The traditional customer insights approach is reliant on understanding as much as possible about a given customer. Age, gender, place of living, household size, education status, household income and many more. This stands in stark contrast to an every growing sensibility regarding the use of personal data. Especially important in Germany – only recently found as the most privacy savvy country on earth.
Interest-based methods are privacy focused. They do not need social demographic characteristics at all. No names required, a randomised ID is enough. This makes collaboration with internal or external specialists and partners easier.

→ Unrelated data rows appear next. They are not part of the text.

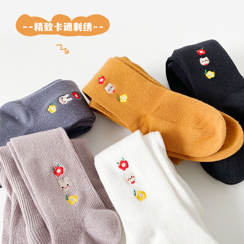 女童打底裤秋冬新款2021刺绣儿童打底裤韩版卡通动物女童连裤袜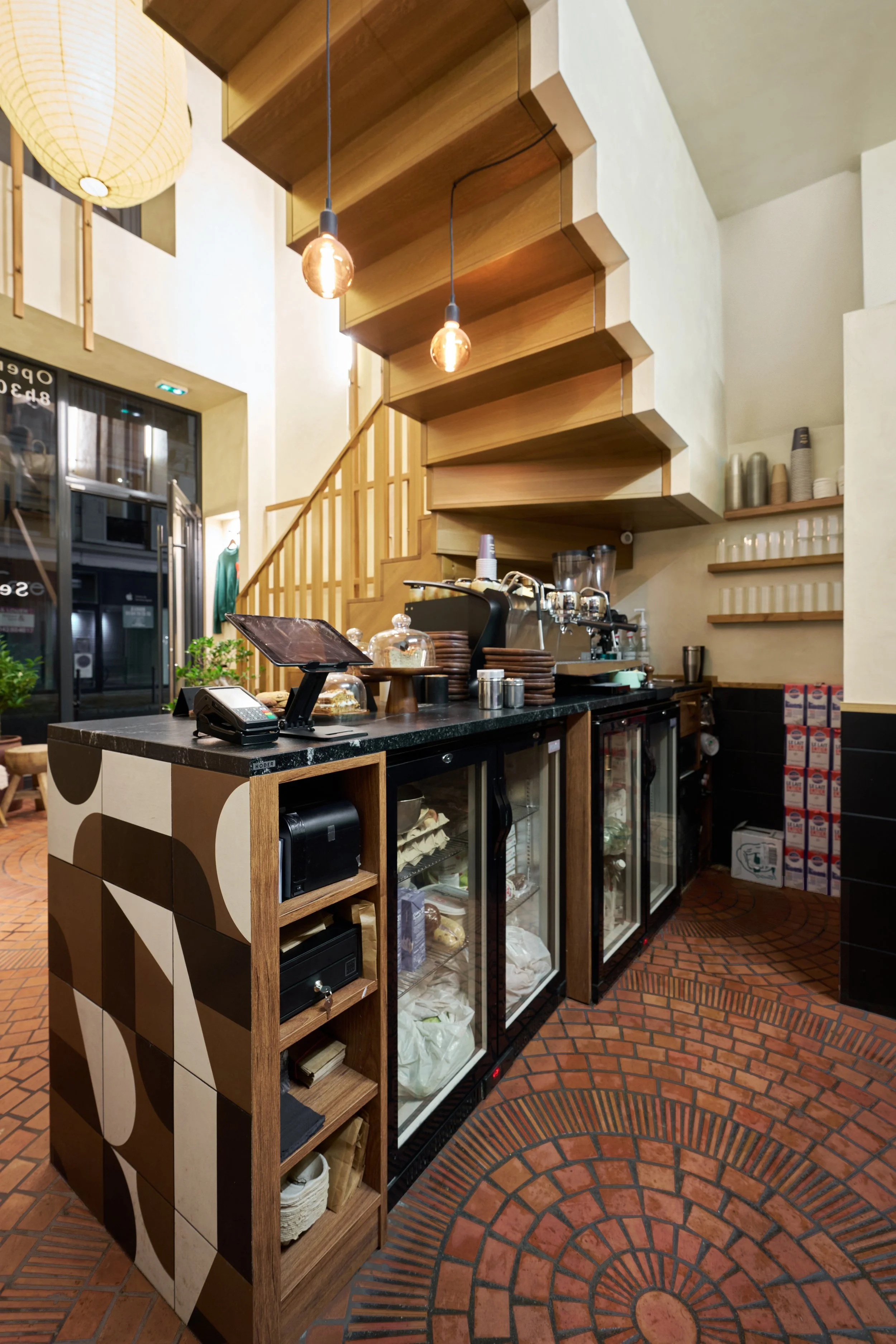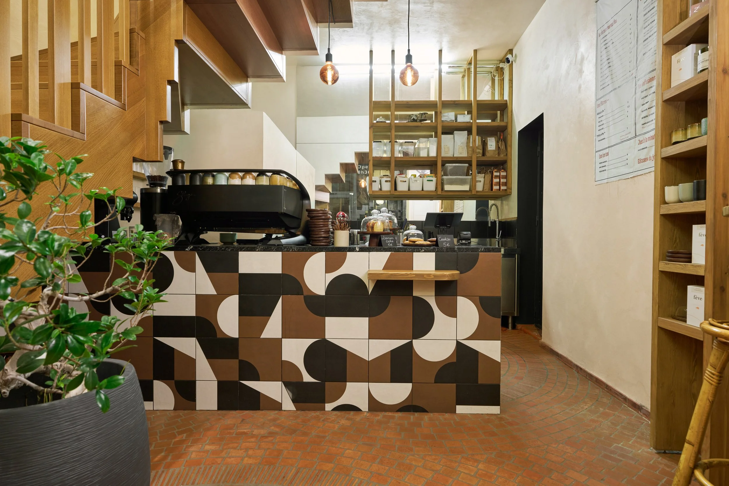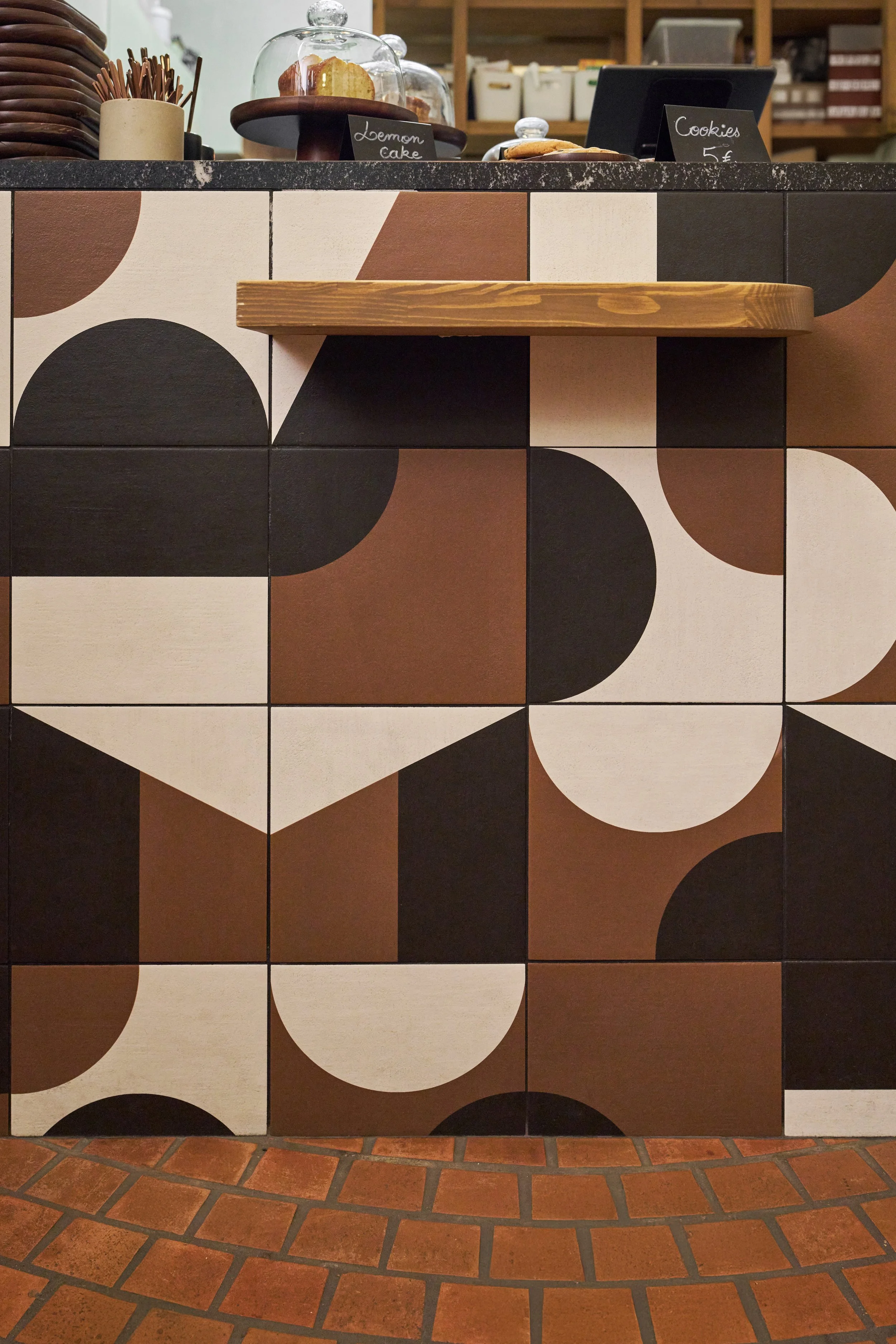 Pour attirer l'attention vers l'intérieur de la boutique, un bandeau de carrelage graphique de la collection Puzzle de Mutina a été posé sur le bar, recouvert de granit noir. Au fond de la cuisine, une fenêtre condamnée a été dissimulée derrière de grands miroirs, permettant ainsi de réfléchir la lumière et d'apporter une sensation de profondeur au rez-de-chaussée, qui ne mesure que 20 m². Devant ces miroirs, un système d'étagères suspendues sur mesure a été intégré, offrant des solutions de rangement tout en préservant une esthétique légère.
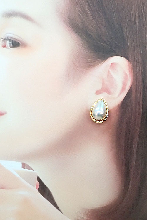 タサキ 田崎真珠 マベパール イヤリング ダイヤモンド K18イエローゴールド Pt900 TASAKI ドロップ 雫 しずく 涙 コンビ【中古】【905660】

Automate targeting AND message

That all sounds good and is still only 50% of the benefits. Let’s take again our example of the concert with Beethoven’s 3rd symphony. With a traditionally approach, a marketing team would have targeted a key demographic and solved 50% of the campaign (who to target). You spent hours sifting through your CRM system to find the perfect filter logic.
How would that work with an interest-based method? The platform will give you an even better tailored list on the press of a button. No work for you at all. In an interest-based world CRM systems for managing newsletter and direct mailing lists are a thing of the past.

Remember that 50%? You now need to focus on the other 50% of your campaign. The “what”. Your manual analysis will not help you to understand which message you should send.
Interest-based customer insights can recommend detailed keywords and topics to use for every part of your message and answer questions like: what to put in the subject of an email, what headline to use or which image should be first.
The last 10 years were focused on finding the perfect audience with every possible data point about each customer. But very, very little time and energy was spent on a insights driven method on helping marketing professionals to tailor the message for each individual audience. This will be the focus in the next 10 years.

What you need to do

The last question would be, how to start. And as it is so often, it start with being aware what data is relevant and should be closely watch and collected.
But chances are high that, regardless of your energy and passion, you cannot get it over line all by yourself. With the right energy and strategy you will be able to deliver 80% with 20% of your time. 80% should go into being an ambassador for change.

Foster a data mindset – but focus on what has impact

The single biggest mistake you can make is to ditch transactional data when switching ticketing systems. In nearly every case, customer master data (like contact info, addresses) is transferred to a new system, although this is the information which actually outdates (15–20% on average per year!). Transaction history (who purchased what) is nearly timeless and worth 10 times. But this is never transferred.
If you care about understanding your patrons, you need to find a way to keep that information. No alternatives.

A second point is important. Keep a clean registry of all events in the past. It sounds basic, but too often the only thing left to consult to understand who and what was played in a given concert 3 years ago is either a PDF or a messy, unstructured text document.
For analytics that is non-existing aka worthless. It should be obvious that you need to have a structured (this can be a clean table!) and consistent registry of every (!) work played and every artist who performed.

Embrace change – the future is already here

“The future is already here – it’s just not evenly distributed.”1

Gibson is right. The future is already here. Cultural institutions have a choice. Join now and or with everyone else in the next 12–24 months. Pioneers will harvest outsized early adopter profits and everyone else will try to catch up for the next 10 years.
It actually isn’t a choice. Embrace the future, it is already here.

Be an ambassador for change within your team, department and organisation. Have the difficult and intense discussions and don’t let counter arguments discourage you. It is a training opportunity to sharpen your arguments into an even more convincing storyline.

Help others see the benefits for them personally, their goals, their team and everyone around them. Make it specific, make it about them.

The future is already here – it’s just not evenly distributed.